ABSTRACT

Machine learning has been the most recommended approach for predicting the early detection of breast cancer. With the availability of datasets that have details about the features extracted from the mammograms as well as other imaging techniques, the modeling and training can aid in the early detection of breast cancer. Such early diagnostic strategies can focus on providing timely access to cancer treatment thereby improving the quality of life of these cancer patients.

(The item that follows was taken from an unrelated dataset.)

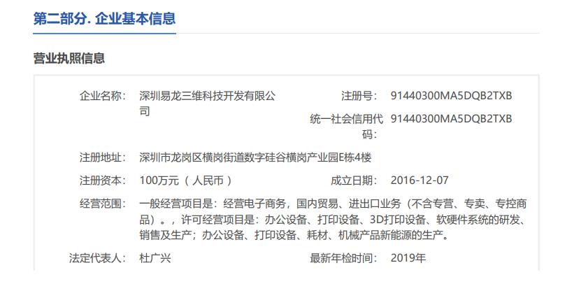 深圳易龍三維科技開(kāi)發(fā)有限公司于2016年12月在深圳正式注冊(cè),是昆明博易創(chuàng)科技開(kāi)發(fā)有限公司全資控股公司。2003—2006年前身是昆明博易創(chuàng)研究所,2006年正式注冊(cè)昆明博易創(chuàng)科技開(kāi)發(fā)有限公司。2003—2006年開(kāi)創(chuàng)制相機(jī)或叫萬(wàn)能打印機(jī),后統(tǒng)一用詞萬(wàn)能打印機(jī)、物體打印機(jī)。2009—2012年走上了快速發(fā)展階段,市場(chǎng)和名氣在國(guó)內(nèi)迅速提高,2011年日本商家主動(dòng)到中國(guó)來(lái)代理我們的產(chǎn)品,三個(gè)月后風(fēng)靡全日本。2011年首家推出小型UV打印機(jī),以后進(jìn)入輝煌階段,在全國(guó)以昆明為總部的前提下陸續(xù)設(shè)置上海、深圳辦事處。

This chapter is aimed at presenting an early breast cancer prognosis by using classification approach with ten different machine learning techniques namely Logistic Regression (LR), K-Nearest Neighbors (KNN), Decision Tree, Random Forest, Naive Bayes (NB), Adaboost Tree, Support Vector Machine (SVM), Radial Basis Function (RBF), Quadratic Discriminant Analysis (QDA) and Multilayer Perceptron on the Wisconsin Breast Cancer (original) dataset The dataset features have been categorized into three sub-classes as mean, standard error, and worst to compute the performance parameters using simulation tool Jupyter notebook.

Based on comparative analysis the Support Vector Machine (SVM) exhibiting around 95 percent accuracy and most optimized recall value has been presented as the choice for modeling. The model is validated with minimum false-positive results for the testing dataset.